In previous years, what’s going right has looked like bars growing progressively taller in what was then a key metric of success: growth in admissions. For presentations this year, most health system leaders left that slide at home, replaced with days cash on hand or revenue. In an environment where everyone is racing to bring down the ever-ballooning cost of healthcare, higher admissions no longer get you a gold star (unless you’re investor-owned).

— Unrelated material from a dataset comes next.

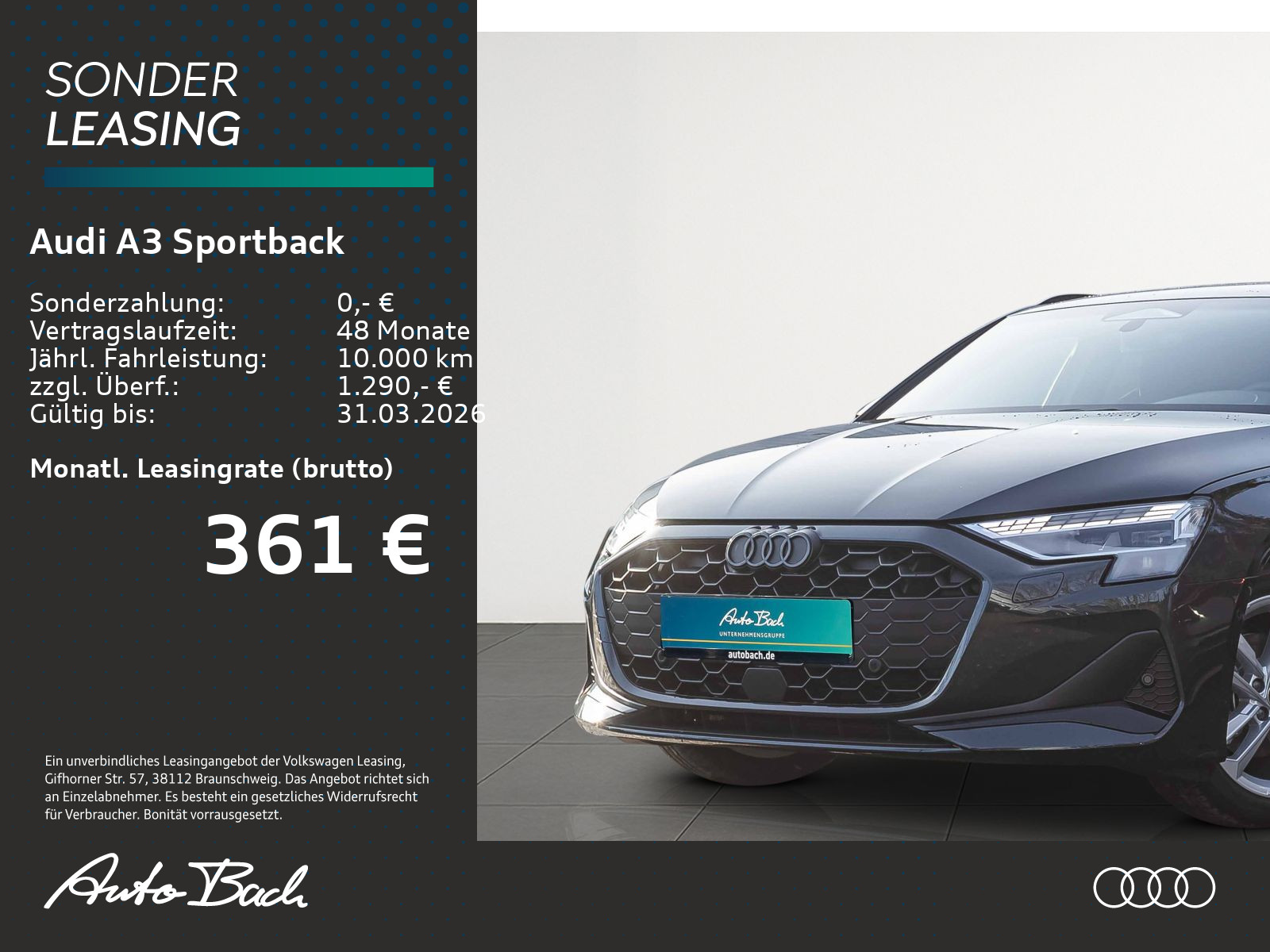 Auftrags-Nr. ABDO94 WZ, schwarz-schwarz-felsgrau/schwarz-schwarz /schwarz/schwarz, Vorbereitung für Anhängevorrichtung, Sportkontur-Lederlenkrad, 3-Speichen, unten abgeflacht mit Multifunktion plus und Schaltwippen, Entfall Modellkennzeichnung am Heck, Dachreling in Schwarz, Wärmeschutz- und Akustikverglasung Frontscheibe mit grauem Colorstreifen, Optikpaket schwarz plus, Außenspiegelgehäuse schwarz, Dekoreinlage Textilgewebe Impressum schwarz, Parkassistent plus mit Einparkhilfe mit Umgebungsanzeige, Adaptiver Geschwindigkeitsassistent, Audi Soundsystem, Betriebserlaubnis Nachtrag, Räder, 5-Parallelspeichen 8,0Jx17, Reifen 225/45 R17, Mobilfunk-Signalverstärker Typ 1, Audi connect Navigation & Infotainment plus, Audi Application Store und Smartphone-Interface, Interieur S mit Sportsitzen, Stoff/Kunstleder-Kombination schwarz, LED-Scheinwerfer und LED-Heckleuchten mit dynamischem Blinklicht Heck, Klimatisierungspaket plus, Infotainmentpaket Connectivity, Assistenzpaket Fahren und Parken plus, Komfortpaket plus, Sonnenschutzverglasung abgedunkelt, Ambiente-Lichtpaket plus, Halteassistent, Businesspaket plus, Audi Neuwagen-Reifengarantie, Steuerungsnummer 8, Manhattangrau Metallic, Stabilisator vorn, Radstand, Stabilisator hinten, Einbau Differenzierung für Getriebe"DQ 200" -- Fahrzeugteile --, Mild-Hybrid, Mit spez.Schilder/Aufkleber/ Sicherheitszertifikate für Deutschland, 4-Lenker-Hinterachse, Standardabgasanlage, Fußmatten vorn und hinten, Bordliteratur in Deutsch, Standard-Klimazonen, Standard-Klimazonen, Kraftstoffsystem Otto-Einspritzer, BRS für Fahrzeuge mit E-Antrieb (ESC und eBKV), Aktivkohlebehälter (EVAP), spezielles Typschild EU, Reifenreparaturset, Gurtanlegekontrolle mit Sitzbelegungserkennung hinten, Serienfahrwerk, Scheibenbremsen hinten, 15 Zoll, Elektromechanische Servolenkung, Radschrauben Standard, Bordwerkzeug, Bordwerkzeug, Verbandmaterial mit Warndreieck, Frontantrieb, Serienkraftstoff-Erstbefüllung, Scheibenbremsen vorn, 15 Zoll, Scheibenbremsen vorn, 15 Zoll, Fahrzeugklassen-Differenzierung-8Y0/8YF-, Fahrzeugklassen-Differenzierung-8Y0/8YF-, Fahrzeugklassen-Differenzierung-8Y0/8YF-, Stoßfänger advanced, Aufkleber/Schilder, englisch-deutsch, Aufkleber/Schilder, englisch-deutsch, Kennzeichenträger hinten (ECE), Kindersitzbefestigung i-Size-konform auf Beifahrerseite und äußeren Fondsitzen, Top Tether für äußere Fondsitze, Kindersitzbefestigung i-Size-konform auf Beifahrerseite und äußeren Fondsitzen, Top Tether für äußere Fondsitze, Kindersitzbefestigung i-Size-konform auf Beifahrerseite und äußeren Fondsitzen, Top Tether für äußere Fondsitze, Vordersitze manuell einstellbar, Rücksitzlehne umklappbar, Kopfstützen hinten (3 Stück), Sitzheizung vorn, Manuelle Gepäckraumklappe, Ausweichassistent und Abbiegeassistent, Kindersicherung elektrisch, Kindersicherung elektrisch, Innenspiegel automatisch abblendend, rahmenlos, Modul Boden hinten Ausführung 5, Airbags vorn, Beifahrerairbag deaktivierbar, Abgaskonzept, WLTP3 M1, N1-I//EU6EB, Abgaskonzept, WLTP3 M1, N1-I//EU6EB, UWB fähiges Land und Trägerfrequenz 433,92 bis 434,42Mhz, Dachkantenspoiler, Außenspiegel Fahrerseite asphärisch, Beifahrerseite konvex, Folienbeklebung, Folienbeklebung, Kopfstützen vorn, Kopfstützen vorn, Seitenairbags vorn mit Kopfairbagsystem und Interaktionsairbag vorn, Mittelarmlehne vorn, Lenkradapplikation Chromoptik, S-Emblem, Lenkradgriffe perforiertes Leder und Kontrastnaht, "Basis", Spurverlassenswarnung mit Notfallassistent, Dachhimmel Stoff schwarz, Außenspiegel elektrisch einstell-, beheiz- und anklappbar, beidseitig automatisch abblendend, Geschwindigkeitsbegrenzungsanlage, Geschwindigkeitsbegrenzungsanlage, Geschwindigkeitsbegrenzungsanlage, Wegfahrsperre elektronisch, USB-Anschlüsse mit Ladefunktion im Fond, USB-Anschlüsse mit Ladefunktion im Fond, Schalt-/Wählhebelknauf, Armauflage Kunstleder, Reifendruck-Kontrollanzeige, Start-Stop-System, 4-Wege-Lendenwirbelstütze für die Vordersitze, MMI Navigation plus mit MMI touch, MMI Navigation plus mit MMI touch, MMI Navigation plus mit MMI touch, MMI Navigation plus mit MMI touch, Fernlichtassistent, LED-Scheinwerfer, Notbremsassistent vorn, Tagfahrlicht, Heckscheiben-Wisch-Waschanlage mit Intervallschaltung, Licht-/RegensensorDie angegebenen Verbrauchsangaben beziehen sich auf WLTP-Werte. Zwischenverkauf und Irrtümer für dieses Angebot sind ausdrücklich vorbehalten. Ausschlaggebend sind einzig und allein die Vereinbarungen in der Auftragsbestätigung oder im Kaufvertrag. Den genauen Ausstattungsumfang, die genauen Kilometer und den Verkaufspreis erhalten Sie von unserem Verkaufspersonal. Bitte kontaktieren Sie uns.

“It’s no longer the best barometer of your activity as a system, because there are other ways you’re actually serving more patients who never show up in a hospital,” said Jim Hinton, CEO of Dallas-based Baylor Scott & White Health. That might be emails to their doctors, virtual visits or outpatient clinic visits.
More than one executive used the one-foot-in-two-canoes analogy. Health systems are in a tricky spot because they’re trying to lower the cost of care, manage population health and get paid for value, but also protect their bread and butter—inpatient care.
The solution is diversifying revenue so that it’s less from patient care and more from commercialization, partnerships and even grants and research.
“Those can be monetized in ways they didn’t think about historically because the bricks and mortar was good enough,” said Kerrin Slattery, a partner at McDermott Will & Emery.
To that end, Renton, Wash.-based Providence St. Joseph Health wants to reach $1 billion in diversified revenue outside of patient care with at least 30% earnings before interest, taxes, depreciation and amortization—EBITDA—margin by 2022. The system expects to be at $238 million in annual nonpatient-care revenue by year-end. CEO Dr. Rod Hochman said that’s “the pivot you have to make.”
But ultimately, no health system executive was bold enough to say he or she wanted to lower admissions.
“What we really want is people at all levels to disproportionately choose our care,” said Dan Morissette, chief financial officer of Chicago-based CommonSpirit Health.
From there, he said the 137-hospital system will direct patients toward the most appropriate care, whether outpatient or inpatient.
Intermountain Healthcare gauges success around drawing the “right admissions,” said Dr. Mike Phillips, chief of clinical and outreach services at the Salt Lake City-based health system.
“Hospitals are businesses,” he said. “They represent for everybody a fair amount of fixed costs. We want them to be well-utilized.”
Investor-owned health systems, by contrast, were less shy about prominently touting admissions growth and goals. Steve Filton, CFO at King of Prussia, Pa.-based Universal Health Systems, said that’s still the metric industry analysts use to measure success, although he prefers adjusted admissions, a metric that includes outpatient care.
Similarly, Tenet Healthcare Corp. Executive Chairman and CEO Ron Rittenmeyer said admissions are still “really” important. “Admissions are kind of what you’ve got to feed the engine with,” he said.